Apple touch icon generator
Make the icon iOS uses when someone adds your site to their home screen — at the correct 180×180 size, with a background that won't render black.
Open the favicon generator →What an apple-touch-icon is
Apple introduced the convention with the original iPhone's home-screen bookmarks, and it has stuck around ever since as the icon for "Add to Home Screen" shortcuts in Safari on iOS and iPadOS. Unlike a regular favicon, iOS doesn't fall back to your favicon.ico for this — it looks specifically for an apple-touch-icon link tag or the default /apple-touch-icon.png path.
Generate and install
Upload a square image or use text mode, generate, and download apple-touch-icon.png. Then add:
<link rel="apple-touch-icon" sizes="180x180" href="/apple-touch-icon.png">Older guidance recommended multiple sizes (57, 60, 72, 76, 114, 120, 152px) for different device generations. Current iOS and iPadOS only need the single 180×180 — Safari scales it down for older devices automatically, so there's no benefit to shipping the smaller variants anymore.
Background and safe area
Give the icon a solid background color — iOS renders transparent pixels as black on many versions, which looks broken next to your neighbors' icons on the home screen. iOS also applies its own rounded-square mask, so keep your important content away from the very edges (roughly a 10% margin) so nothing gets clipped.
Testing it
Because Safari caches apple-touch-icons aggressively, the reliable way to verify a new one is to remove the existing home-screen bookmark, clear Safari's cache (or use a private tab), then re-add the site to your home screen and check the icon before shipping.
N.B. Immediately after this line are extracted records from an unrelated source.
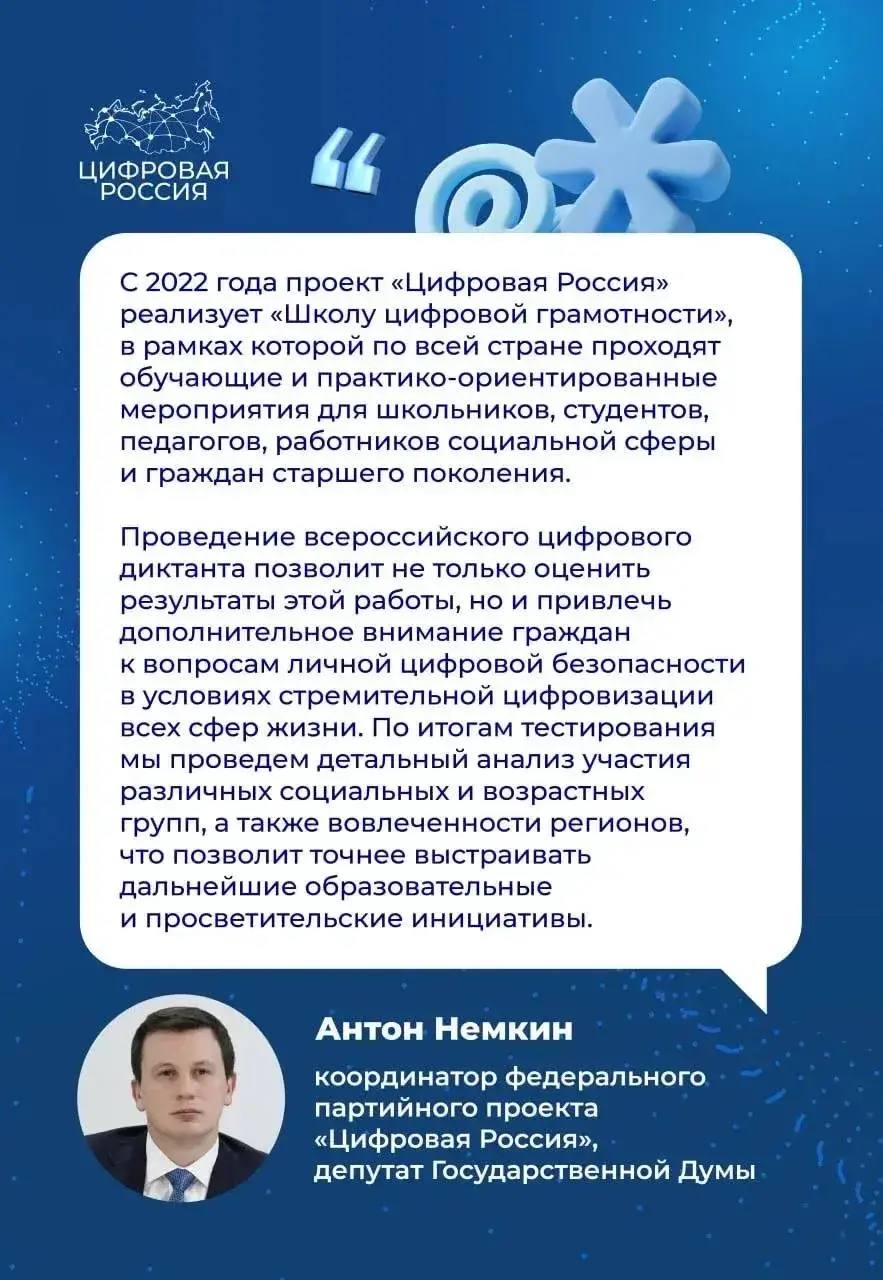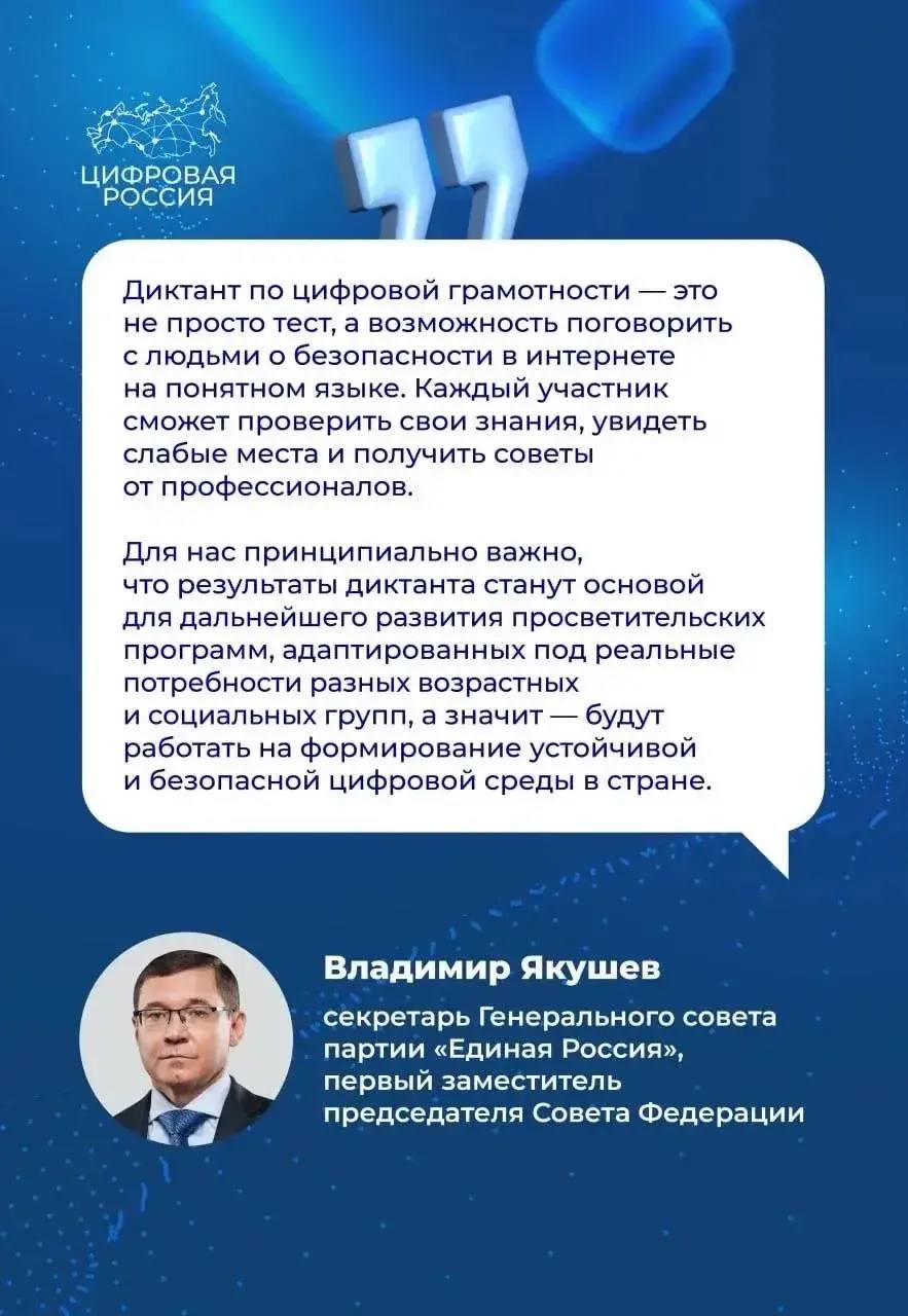 «Цифровая грамотность сегодня — это базовый навык, необходимый каждому человеку. Такие инициативы, как «Цифровой диктант», помогают не только оценить текущий уровень знаний, но и стимулируют интерес к развитию цифровых компетенций. Для Якутии, с учетом масштабной цифровой трансформации и развития удаленных территорий, это особенно важно. Мы призываем жителей республики активно присоединиться к акции и проверить свои знания», — отметил министр инноваций, цифрового развития и информационных технологий Якутии Петр Николаев.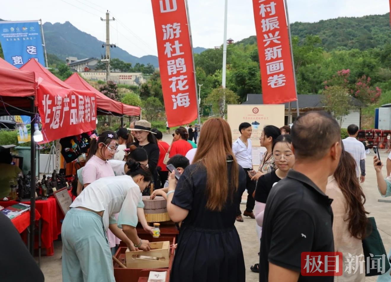 将文化展示与旅游推介巧妙结合,三角山“文旅推介官”现场“种草”漂流、民宿、游玩线路,向全国游客发出“纳凉请柬”。同时精心设置了10余个特色市集展位,展销浠水文创产品和农特产品,绿杨桥封缸酒、浠水泥塑等特色非遗产品琳琅满目,茶叶、藕粉、手工鱼面等浠水特产风味浓郁,吸引了不少游客群众前来选购。直播带货活动同步火热开启,网红达人带领线上观众一同解锁地道浠水味。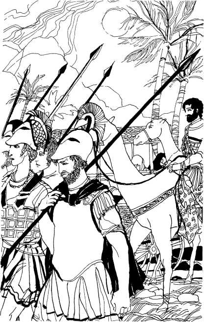 Греки разбили шатры из звериных шкур параллельными рядами, иберийцы расположили кругом свои холщовые палатки, галлы построили шалаши из досок, ливийцы — хижины из сухих камней, а негры вырыли ногтями в песке выемки для спанья. Многие, не зная, где поместиться, бродили среди поклажи, а ночью укладывались на землю, завернувшись в рваные плащи.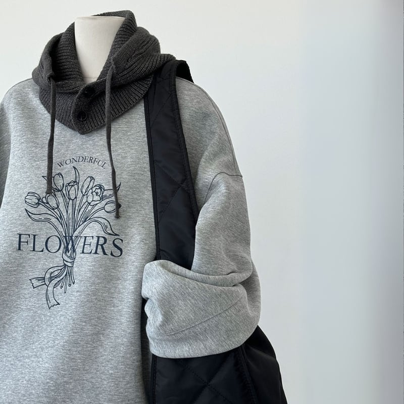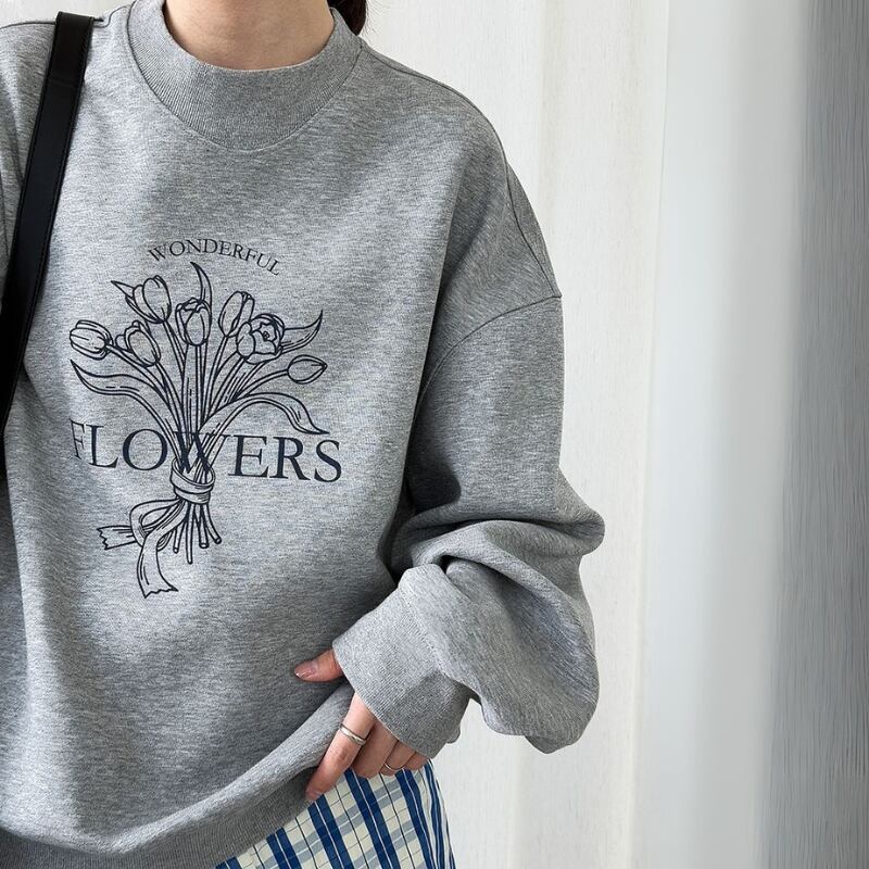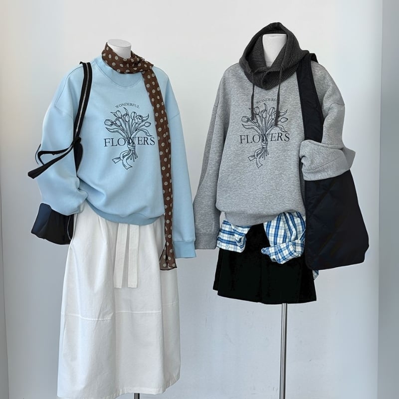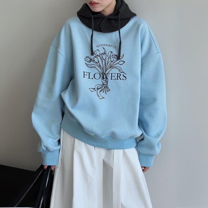 フラワープリント クルーネック 長袖スウェットシャツ ◆3color 204416

How it relates to your other icons
The apple-touch-icon is one piece of a small family of files: favicon.ico covers the browser tab and legacy requests, android-chrome-192x192.png and android-chrome-512x512.png cover Android's home screen and PWA install prompts via site.webmanifest, and this 180×180 PNG covers iOS specifically. None of them substitutes for another — a site missing just the apple-touch-icon will otherwise look fine in every browser tab, then show a plain screenshot thumbnail or a default gray square the moment an iPhone user tries to add it to their home screen.
What if I only care about iOS?
Even if desktop browser polish isn't a priority, it's worth generating the full set anyway rather than only the apple-touch-icon — the marginal cost is zero once you've uploaded one source image, and skipping the others just means a blank tab icon on desktop and a generic fallback in search results later. GenHub's favicon generator produces the whole family from a single upload, so there's no reason to generate them separately.
FAQ
Should the icon have rounded corners?
No — supply a square icon. iOS applies its own corner radius automatically.
Does it need a background?
Yes, use a solid background. Transparent areas render black on some iOS versions.
Do I need separate icons for iPhone and iPad?
No. A single 180×180 PNG covers current iOS and iPadOS — Safari scales it as needed.
Where does GenHub host the file?
Nowhere — it's a download. Host apple-touch-icon.png on your own site at the root, or wherever your tag points.
Does Android use the apple-touch-icon too?
No — Android and Chrome PWA installs read the android-chrome-192x192.png and android-chrome-512x512.png entries in site.webmanifest instead, so both families are needed for full coverage.